Emma Graf (October 11, 1865 – November 22, 1926) was a Swiss historian, teacher, and campaigner for women's suffrage in Switzerland.

==Early life and education==
Emma Graf was the daughter of a hardware store manager and an innkeeper. She was apprenticed as a linen maid. With the financial support of her aunt, Graf began studying to become a teacher at the pedagogical seminary in Hindelbank. She attended courses in history, German language, and literature at the University of Bern. In 1903, she published her thesis entitled Rahel Varnhagen und die Romantik (Rahel Varnhagen and Romanticism in French) and obtained her doctorate.

==Career==
In 1904, she became editor of the Journal des institutrices.

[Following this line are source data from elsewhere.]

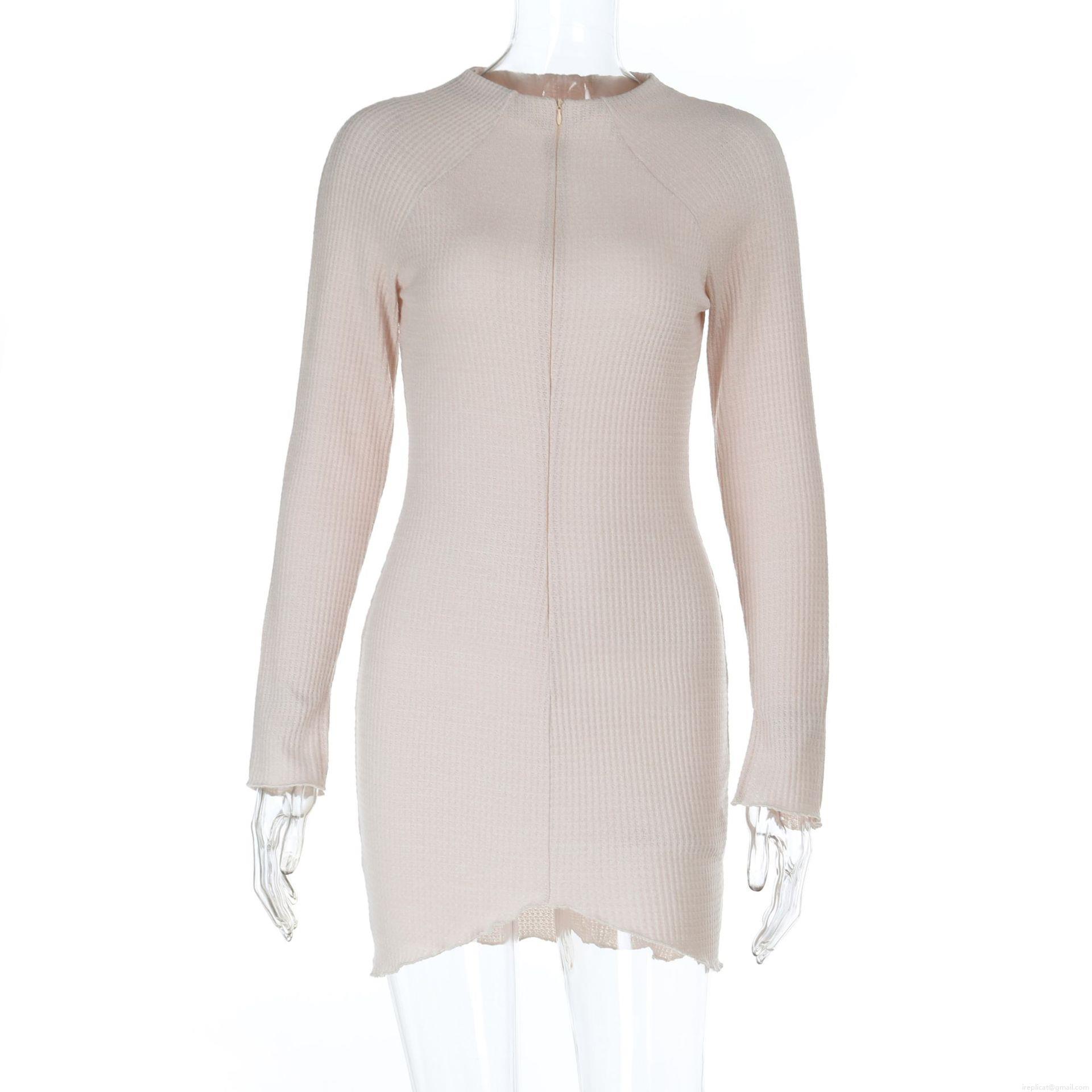 • Women Sexy Ribbed Knitted Mini Dress Long Sleeve Slim Fit Bodycon Dress With Half Zip Stand Collar Lettuce Hem Autumn Streetwear Short Dress
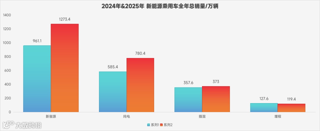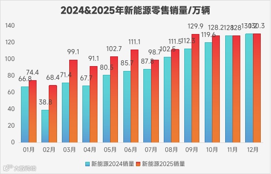在政策引导与市场需求的双重作用下,中国新能源汽车市场在 2025 年延续了爆发式增长。全年新能源乘用车零售量突破千万辆大关,达到 1273.4 万辆,环比增长 32%,这一数字不仅刷新了历史纪录,更标志着新能源汽车全面普及的拐点已经到来。
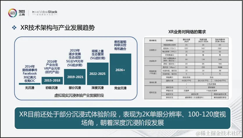 以上图表展示了XR的技术架构、产业发展趋势,以及XR业务的网络需求。目前来看,XR还处于部分沉浸式体验阶段,正朝着深度沉浸阶段发展,主要表现为单眼观看可达到2K分辨率,FOV处于100-120度范围内。
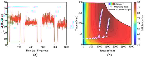 where TDM_Max represents the maximum torque of the drive motor, N·m; ωDM represents the drive motor speed, r·min−1; and TDM represents the drive motor torque, N·m.

As head of the Swiss Association of Schoolteachers, she campaigned for better training, working conditions, and pay for schoolteachers. In 1907, Graf became the first associate professor in Switzerland.

She participated in the feminist movement and fought for legal and political equality for women. In 1912, she joined the Bernese Association for Women's Suffrage and became its president. Thanks to her campaign, in 1917, the communes of the Canton of Bern granted women the passive right to vote in municipal affairs.

In 1915/16, she co-initiated the collection of donations for sick soldiers and their families. In 1915, she founded the Swiss Women's Yearbook in three languages, editing the first five volumes. The publication's aim was to bear witness to the work and aspirations of Swiss women. In 1921, she was elected president of the Second Congrès suisse pour les intérêts féminins (Swiss National Congress for Women's Interests) in Geneva, where the economic, social, and family tasks of Swiss women were discussed.